(513d) Cell-Free Systems for Equipment-Free Quantitation of Micronutrients in Human Serum | AIChE

(513d) Cell-Free Systems for Equipment-Free Quantitation of Micronutrients in Human Serum

Authors 

McNerney, M. - Presenter, Georgia Institute of Technology
Styczynski, M., Georgia Institute of Technology
Micronutrient deficiencies cause hundreds of thousands of deaths each year, and challenges associated with current diagnostic methods preclude treatment in affected areas. Cell-free transcription-translation (TX-TL) systems, which have been effectively used in infectious disease diagnostics, could enable the development of field-friendly micronutrient tests. However, to date, TX-TL diagnostics have been limited to diseases with nucleic acid biomarkers. Deviations in levels of other biomarkers (such as ions, metabolites, and proteins) are indicators of many diseases (including micronutrient deficiencies), but distinguishing between different levels, rather than the presence or absence of these molecules, is a major challenge. We have developed a TX-TL diagnostic tool that reliably detects physiologically relevant concentrations of a micronutrient in human serum. The test requires no equipment to interpret and can be readily adapted to detect other analytes.
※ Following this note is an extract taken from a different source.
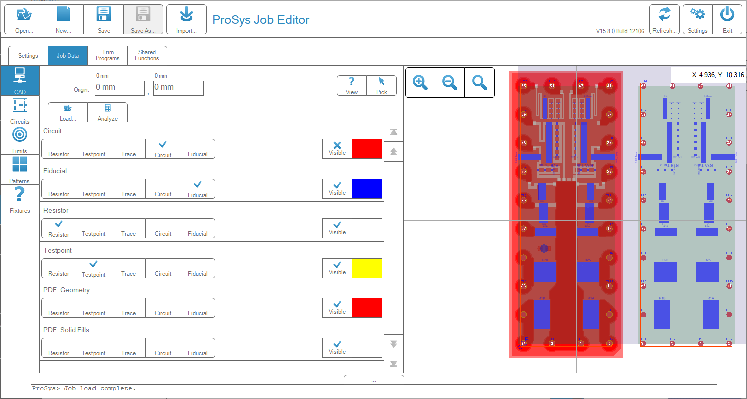 Job creation is through an interactive graphical map of components, circuit features, alignment targets, and trims. Extensive DXF and IPC-D-356 file import support automates and speeds job creation.

We demonstrated that a micronutrient-responsive protein works in TX-TL systems, and we developed standards so that the color of the test reaction can be matched to an array of reference reactions run with the same sample matrix. In the developed test, the micronutrient-responsive regulator controls transcription of an enzyme that cleaves a substrate to a colored dye. To account for changes in assay output over time and serum matrix effects, we designed standard reference reactions to be run in parallel with the sample. Standard reactions have saturated micronutrient concentrations and varying amounts of transcriptional regulator, so the amount of regulator, rather than the amount of micronutrient, controls the colorimetric output. Regulator concentrations in the standards are correlated with micronutrient concentrations in the test reaction, and the correlation is reproducible across lysate batches and perturbations in reaction conditions.

To better enable equipment-free quantitation, we designed the test to utilize the array of colors that correspond with different degrees of substrate cleavage. Interestingly, in serum the visible spectrum of the colored product changes, and it is difficult to distinguish between intermediate reaction states. Interaction of the dye with serum proteins causes this spectrum shift, and small molecules can displace the colored product and shift back the spectrum. At high concentrations, these molecules also quench the reaction, enabling users to preserve test results for potential later analysis.

The developed test is the first TX-TL assay for small molecules in a complex matrix and is a significant step towards a low-cost, field-deployable test for micronutrient deficiencies. This platform can also be readily expanded to detect other analytes of interest.